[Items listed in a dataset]
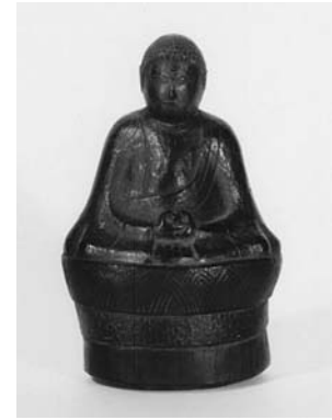
八幡神社本地仏像
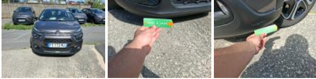
Capot, Griffe(s), Lustrage
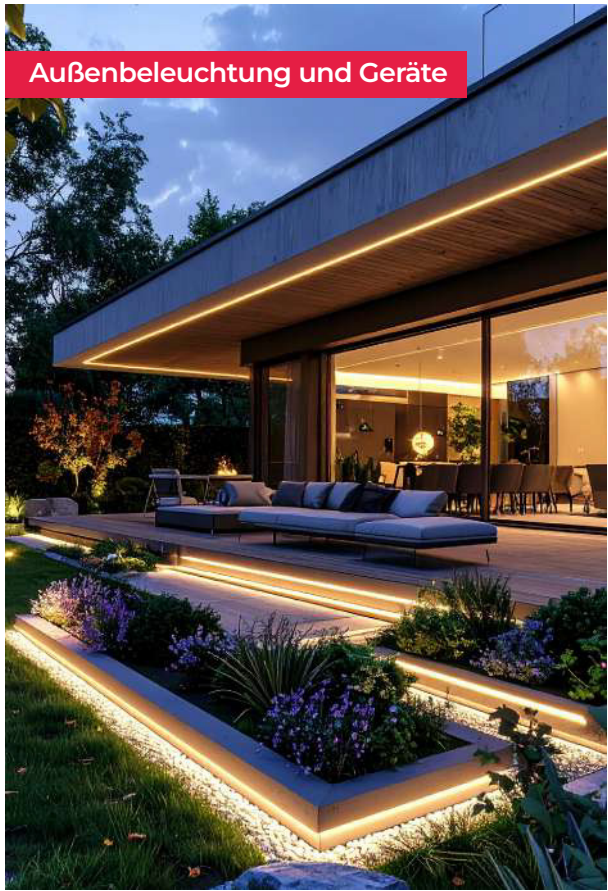
Außenbeleuchtung und Geräte

Unsere Aluminium-Netzteile erfüllen die strenge IP67-Norm, was vollständigen Schutz gegen Staub und Wasser bedeutet. Sie können bedenkenlos in feuchten und regenexponierten Umgebungen installiert werden – sowohl draußen als auch drinnen.
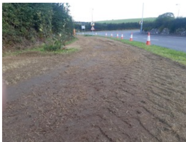
Un o'r peiriannau torri a chasglu Rytech newydd, ac ochr ffordd wedi ei baratoi ar gyfer ei hau
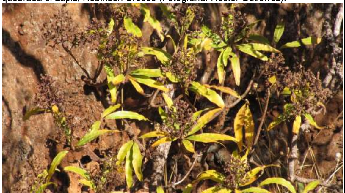
Dendroseris neriifolia , detalle de las inflorescencias, Quebrada el Lápiz.
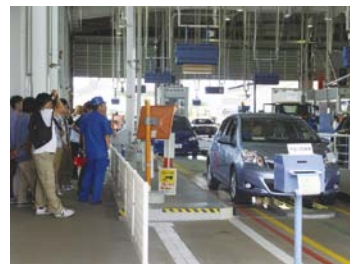
安全走行に欠かせない車検の現場を見学

自動車整備士を志す1年生の学生にとって、普段の講義や実習と実際の現場との関連性がより明確になった見学でした。
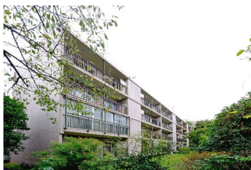
【建替え前「丸山町南住宅」】

大和ハウス工業（本社：大阪市、社長：芳井敬一）は、「マンションの建替え等の円滑化に関する法律（以下：「円滑化法）」※1を活用した分譲マンション「プレミスト文京千石」（地下1階地上4階建て、総戸数58戸、うち分譲戸数39戸）※2を2021年12月2日に竣工し、2022年1月15日より引渡しを開始しますのでお知らせします。
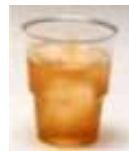
Copo acrílico cod 1013
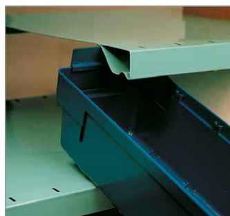
Auszugssperre für das Schrägstellen im Regal als Zubehör
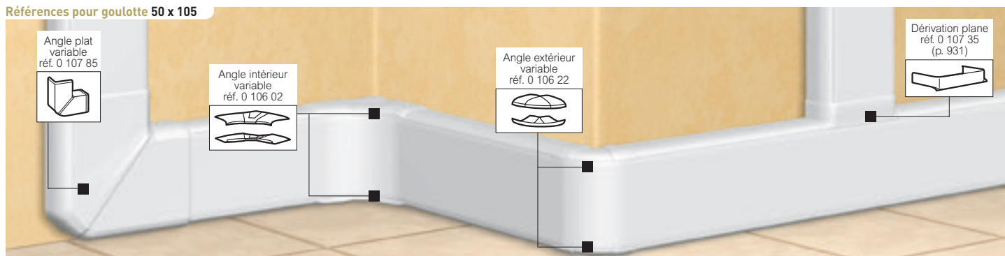
Tableau de choix profilés, accessoires de cheminements et dérivations p. 930 Tableau de capacité p. 940

IP 40 - IK 07 Conforme à la norme NF EN 50085-2-1 (voir catalogue en ligne)
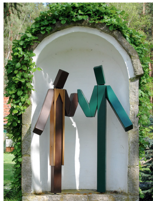
Teresa von Ávila und der Auferstandene (Grotte im Klostergelände in Birkenwerder)

Herzlich willkommen im Exerzitienhaus am Karmelitenkloster Birkenwerder!
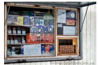
Всё правильно сделал
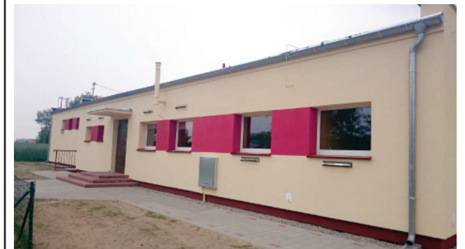
Zmodernizowany budynek świetlicy wiejskiej w Łagiewnikach
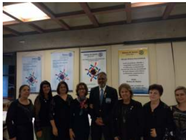
Presença das companheiras da ASR
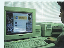
インターネットを使った当時の情報発信の様子 (W.B.1号より)

時代の転換期には前を向いて歩いていくしかありません。そこに多くのチャンスが転がっています。学生の皆さんがぜひ、変化をチャンスと捉え、新たな時代の担い手として活躍していただけることを期待しています。
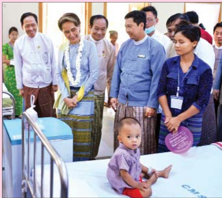
နတ်မောက်ပြည်သူ့ဆေးရုံတွင် လှည့်လည်ကြည့်ရှုစဉ်။

- What the exercise asks
For each line in the records that holds "Birkenwerder", show that line as it stands.

- Problem solution
Teresa von Ávila und der Auferstandene (Grotte im Klostergelände in Birkenwerder)
Herzlich willkommen im Exerzitienhaus am Karmelitenkloster Birkenwerder!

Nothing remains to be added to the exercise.